DiksiNasi, Bandung – Institut Teknologi Bandung (ITB) sedang menjadi sorotan setelah munculnya kebijakan terkait kewajiban kerja paruh waktu bagi penerima beasiswa Uang Kuliah Tunggal (UKT).
Kebijakan ini menuai kritik dari berbagai pihak, termasuk Jaringan Pemantau Pendidikan Indonesia (JPPI) yang menilai bahwa hal tersebut merupakan bentuk komersialisasi pendidikan.
Kerja Paruh Waktu Syarat Beasiswa
Koordinator Nasional JPPI, Ubaid Matraji, menegaskan bahwa kewajiban mahasiswa untuk bekerja paruh waktu sebagai syarat mendapatkan beasiswa adalah tindakan yang tidak adil.

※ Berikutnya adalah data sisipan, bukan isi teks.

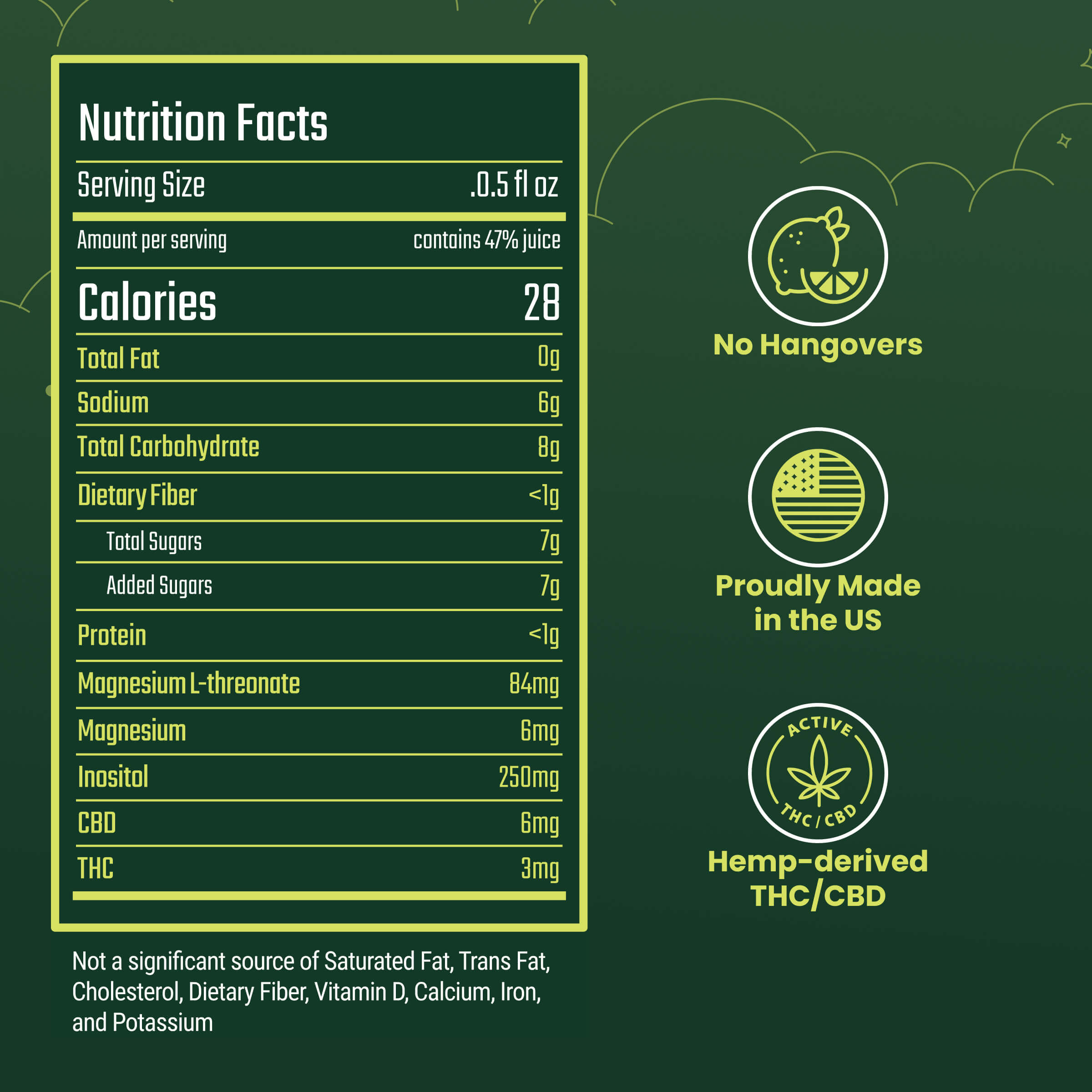 Cane Syrup, Lemon Juice, Raspberry Extract, Hemp Extract, Inositol, Peach Extract, Mango Extract, Magnesium L-Threonate

“Beasiswa adalah hak mahasiswa, bukan kemurahan hati pemerintah atau kampus. Kewajiban ini memperjelas orientasi kampus yang cenderung ke arah komersialisasi pendidikan,” ujarnya. Kamis, (26/09/2024).
Kerja Paruh Waktu Bentuk Perbudakan Modern
Dalam Peraturan Rektor ITB Nomor 316/ITl.NPER/2022, pasal 5 ayat 4 c dan d menyebutkan adanya kewajiban kerja paruh waktu bagi mahasiswa penerima beasiswa.
JPPI menganggap ini sebagai bentuk perbudakan modern yang harus dihindari.
“Kewajiban bekerja tanpa upah adalah bentuk perbudakan. Tugas mahasiswa adalah belajar, bukan bekerja untuk menutupi biaya pendidikan,” tambah Ubaid.
Kebijakan ini sempat memicu protes dari mahasiswa ITB, yang merasa bahwa kewajiban tersebut memberatkan.
Keluarga Mahasiswa ITB menyatakan keberatan atas kewajiban tersebut, menganggapnya tidak sesuai dengan prinsip pendidikan yang seharusnya.
Cerita Mahasiswa Tentang Kerja Paruh Waktu
Sejumlah mahasiswa ITB membagikan pengalaman mereka tentang bekerja paruh waktu di kampus. Sesar Intan, seorang mahasiswi Seni Rupa, menceritakan bahwa dia menjadi asisten dosen untuk menambah uang jajan.
Namun, gaji yang dia terima lebih rendah dari ekspektasi.